Last week’s massacre in Aurora, Colo., has reignited the predictable national debates that ensue in the wake of rampages: Is gun control to blame? To what extent do violent images in pop culture shape dangerous minds? What makes a mass murderer tick? And how can we spot one before he wreaks havoc?
But there’s one discussion we tend to overlook, despite that it’s staring us in the face: why are mass murderers almost always men? It may seem like a moot point that boils down to biology, but some psychologists say nurture overpowers nature in this case—and that our socialization of men perpetuates their acts of violence.
“There’s a proclivity to aggression [in men] that’s biological, but it takes a social trigger to engage it,” says William Pollack, the director of the Centers for Men and Young Men at McLean Hospital in Boston and a psychology professor at Harvard Medical School. “We socialize healthy, normal boys to ‘stand on their own two feet’ for fear that otherwise they won’t be real boys,” says Pollack, whose New York Times bestseller, Real Boys, dissects the inner emotional lives of young men. “They’re taught not to tell anyone when they feel pain, because they should be stoic, and they certainly shouldn’t cry.” As a result, Pollack says, men have a preconditioned level of tolerance for violence that makes it easier for them to act on it without remorse.
This is not to say that women are incapable of murder rampages like that carried out in Aurora, allegedly by James Holmes, despite being overwhelmingly outnumbered by their male counterparts. Indeed, men are nine to 10 times more likely to commit violent crimes.

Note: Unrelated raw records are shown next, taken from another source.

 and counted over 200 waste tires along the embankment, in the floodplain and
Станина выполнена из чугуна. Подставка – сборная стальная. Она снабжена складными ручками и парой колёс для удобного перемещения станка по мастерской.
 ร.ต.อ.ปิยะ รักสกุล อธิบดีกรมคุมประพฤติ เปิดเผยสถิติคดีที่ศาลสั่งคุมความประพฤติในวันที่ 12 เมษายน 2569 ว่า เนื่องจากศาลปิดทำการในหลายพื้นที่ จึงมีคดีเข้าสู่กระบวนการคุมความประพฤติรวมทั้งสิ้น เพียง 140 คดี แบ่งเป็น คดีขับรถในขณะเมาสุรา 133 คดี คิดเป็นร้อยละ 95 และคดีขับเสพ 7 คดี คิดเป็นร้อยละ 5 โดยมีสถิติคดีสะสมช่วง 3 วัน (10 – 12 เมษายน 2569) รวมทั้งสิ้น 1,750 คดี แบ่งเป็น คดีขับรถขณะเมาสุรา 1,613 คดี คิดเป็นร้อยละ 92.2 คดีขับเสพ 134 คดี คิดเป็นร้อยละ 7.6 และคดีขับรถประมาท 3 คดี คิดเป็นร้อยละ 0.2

Pollack attributes this gender disparity to society’s “code of masculinity,” or the process in which boys learn how to be men and disassociate from anything inherently feminine, like kindness and empathy. “Biologically, that kind of empathy is not gender-specific,” says Pollack, pointing to a kind of societal psychosis that defines men who show emotion as weak.
This socialization is so pervasive, Pollack says, that it leads teachers, parents, and even health-care professionals to misinterpret or ignore abnormal behaviors in young men.

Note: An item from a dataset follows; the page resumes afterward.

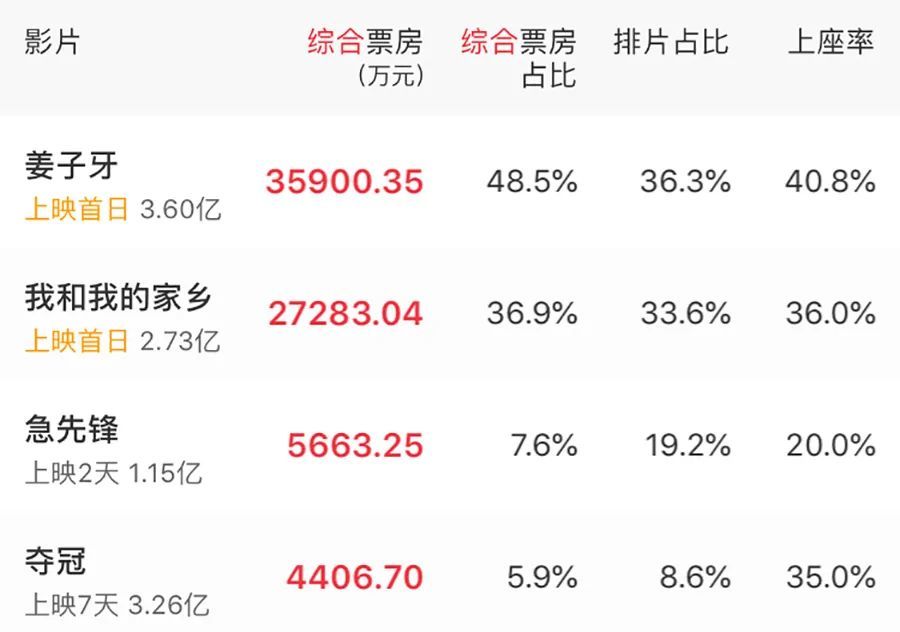 《姜子牙》、《我和我的家乡》、《夺冠》、《急先锋》,这4部阵容豪华、制作强大的新片无疑是贡献最大的作品,而最大的赢家当属前两者,单日票房分别拿下3.59亿和2.72亿,占比高达85%。

“Women are more often diagnosed with depression than men, especially young men, because our diagnostic symptoms are still largely based on the Freudian principle that depression is an indolent, fatigue-oriented illness,” says Pollack, who adds that risk taking and aggression are early signs in young males. Depression is one of the most common mental afflictions among mass murderers, and the danger of not recognizing its symptoms in young men is twofold: risk takers are more likely to act out their aggressive or violent impulses, and warning signs of destructive behavior are more likely to go unnoticed. Society also encourages risk taking and aggression in young men, fueling the notion that they should repress any feelings of sensitivity or emotional vulnerability.
“Because young men are so lost in a sea of competing notions of what it means to be a man in today’s society, they don’t know where to turn, and they’re floundering,” says Oscar-nominated filmmaker Fred Marx, whose acclaimed documentaries feature at-risk teenage boys. Marx notes that indigenous cultures held initiation ceremonies for young men transitioning into adulthood in which they were taught how to use their aggressive tendencies productively in society. But he says there’s no equivalent rite of passage that is widely accepted in contemporary society. It doesn’t help that today’s initiations for boys on the brink of manhood are conducted by peers and therefore often exclusive. “Every boy wants to belong, to feel like he’s part of a group,” Marx says. “If he’s not, that’s painful to the emerging psyche.”
The more these painful feelings are repressed, Marx says, the more dangerous they become. Where women are socialized to connect with others by conveying empathy and sensitivity, men are taught at a young age to nip that urge in the bud. Not only does this conditioning make young men less likely to feel remorse before engaging in violent activity, it also fosters silence among their male peers when speaking out could lead to effective prevention. A study conducted by Pollack and the U.S. Secret Service and U.S. Department of Education found that 37 out of 198 nonculpable bystanders in violent crimes detected warning signs prior to the crimes but kept them to themselves. Pollack also concluded that men were more likely to keep quiet.
Consider the few students at Columbine who didn’t tell school officials or parents that the shooters had tipped them off about their planned massacre until after the fact. Or the owner of the gun club who rejected Holmes’s application for membership after hearing his answering machine, which he later described as “bizarre—guttural, freakish at best,” but didn’t warn anyone outside the club of Holmes’s perceived disturbing behavior.
Mass murders may be rare, but the overwhelming number of male perpetrators who commit them is proof that they are by no means random and should raise societal awareness that the gendering of violence may be key to preventing it.